Aroma Meja Makan

Nurfaizah
Chapter #11

BAB 11 : Hidangan yang Merdeka

Malam kian melarut menuju ujungnya ketika para tamu pengajian terakhir melangkah keluar melewati pintu pagar besi rumah nomor 14. Suara deru mesin mobil sewaan kerabat jauh dan motor para tetangga perlahan-lahan menjauh, lenyap ditelan keheningan malam kota kecil yang damai. Udara dingin luar rumah kembali merayap masuk melalui pintu depan yang sengaja dibuka lebar untuk mengalirkan sisa asap kayu gaharu dan minyak cendana yang menumpuk selama acara berlangsung.

Di dalam ruang tengah, suasana tampak begitu tenang dan lengang kembali. Kesibukan fisik pasca-acara telah selesai dilakukan dengan bantuan beberapa pemuda karang taruna kompleks sebelum mereka pamit pulang. Karpet-karpet hijau tua yang tebal telah digulung kembali, diikat rapi, dan ditumpuk di sudut dekat laci bawah tangga, menyisakan lantai ubin semen yang kini tampak bersih mengkilap setelah disapu dan dipel menggunakan cairan beraroma pinus yang segar.

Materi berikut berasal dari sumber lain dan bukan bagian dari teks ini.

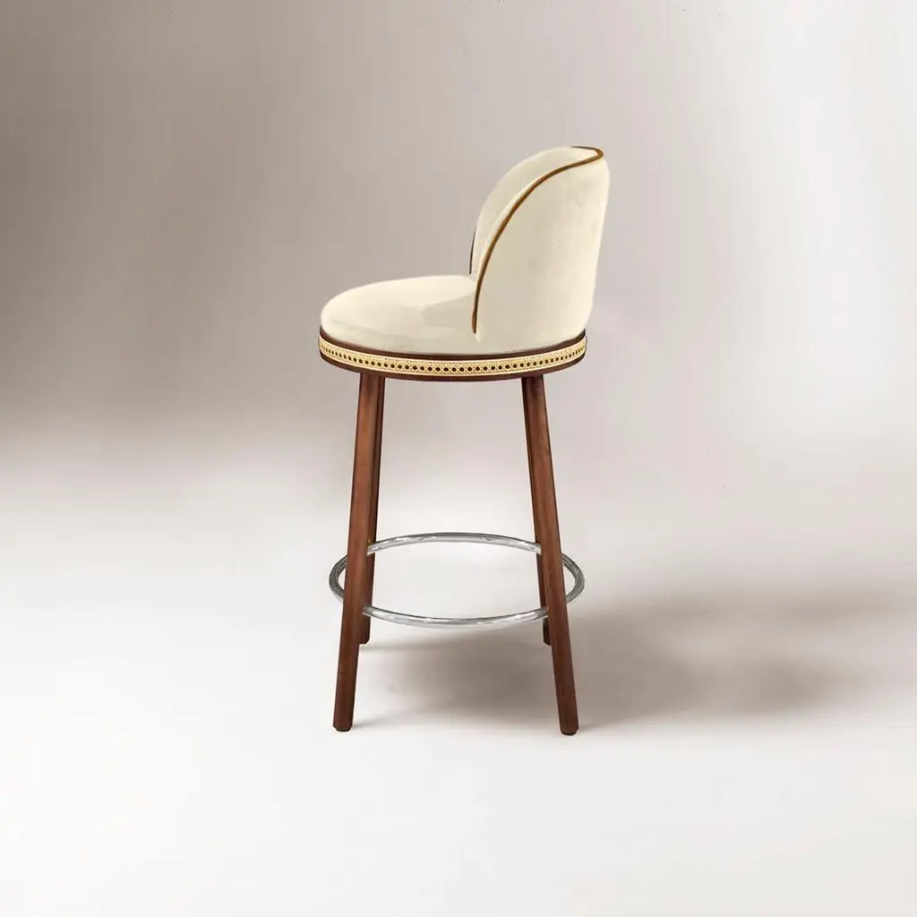 Alma counter & bar stool. As any admirer would experience gazing at its muse, it is impossible not to feel enchanted and almost hypnotized by the refined, sensual lines and the delightfully charming soul of Alma Bar Stool. In a piece that combines classic and modern aesthetics we can find a certain harmonic gracefulness paired with an intimate voluptuousness that can embrace you and surprisingly break the frontiers of sophistication and elegance.MaterialUpholstery: fabric or leatherStructure: solid wood: natural walnut and natural oakRattan: natural rattanFeaturesSeat style: roundSeat back type: sLow backWeight capacity: 400 lb.Footrest included: Yes.

Di tengah ruangan yang lapang itu, suasana terasa begitu damai tanpa ada lagi sisa-sisa ketegangan. Bumi, Ibu Astri, dan Mentari kini duduk berkumpul kembali, membentuk formasi melingkar mengelilingi meja makan kayu mahoni tua yang letaknya sudah dikembalikan oleh Bumi ke posisi semula tepat di tengah ruangan, di bawah jatuhnya pendar lampu gantung kuno. Di atas permukaan meja kayu yang dipenuhi goresan sejarah itu, piring-piring porselen besar yang sebelumnya berisi sisa kuah Rawon hitam pekat sisa sajian para tamu pengajian telah dibersihkan dan dibawa ke dapur belakang oleh Mentari. Wadah-wadah porselen itu telah dicuci bersih dan disimpan ke dalam lemari kaca.

Sebagai gantinya, di atas meja makan malam ini, tersaji menu makan malam keluarga yang sangat sederhana namun disiapkan secara bergotong-royong oleh mereka bertiga beberapa jam sebelum acara pengajian dimulai. Di tengah meja, terletak sebuah piring besar berisi potongan ayam goreng kampung yang digoreng garing hingga kulitnya berwarna kuning keemasan kecokelatan, ditaburi oleh remahan bumbu lengkuas yang gurih dan harum. Di sampingnya, berdiri sebuah mangkuk kaca bening yang berisi tumis kangkung pedas yang warnanya masih tampak hijau segar dengan potongan cabai merah dan aroma bawang putih tumis yang kuat menguar ke udara.

Menu makan malam keluarga mereka kali ini sama sekali bukan merupakan hidangan kesukaan almarhum Pak Baskoro di masa lalu. Sebaliknya, tumis kangkung pedas dan ayam goreng kampung garing adalah menu masakan favorit Bumi sejak ia masih kecil sebuah menu yang di masa lalu sangat jarang sekali diizinkan untuk disajikan di atas meja makan ini karena dianggap oleh sang ayah sebagai hidangan yang kurang memiliki nilai gizi tradisi keluarga yang kuat dan terlalu kasual untuk sebuah makan malam formal.

Penyajian menu favorit Bumi malam ini merupakan sebuah simbol kemerdekaan emosional yang baru bagi mereka bertiga. Ini adalah sebuah tanda penanda yang kasat mata bahwa rumah nomor 14 kini telah melangkah maju, keluar dari bayang-bayang aturan kaku masa lalu, dan memasuki sebuah era baru yang penuh dengan kebebasan memilih, penerimaan yang tulus, serta kasih sayang tanpa tekanan psikologis yang mengikat.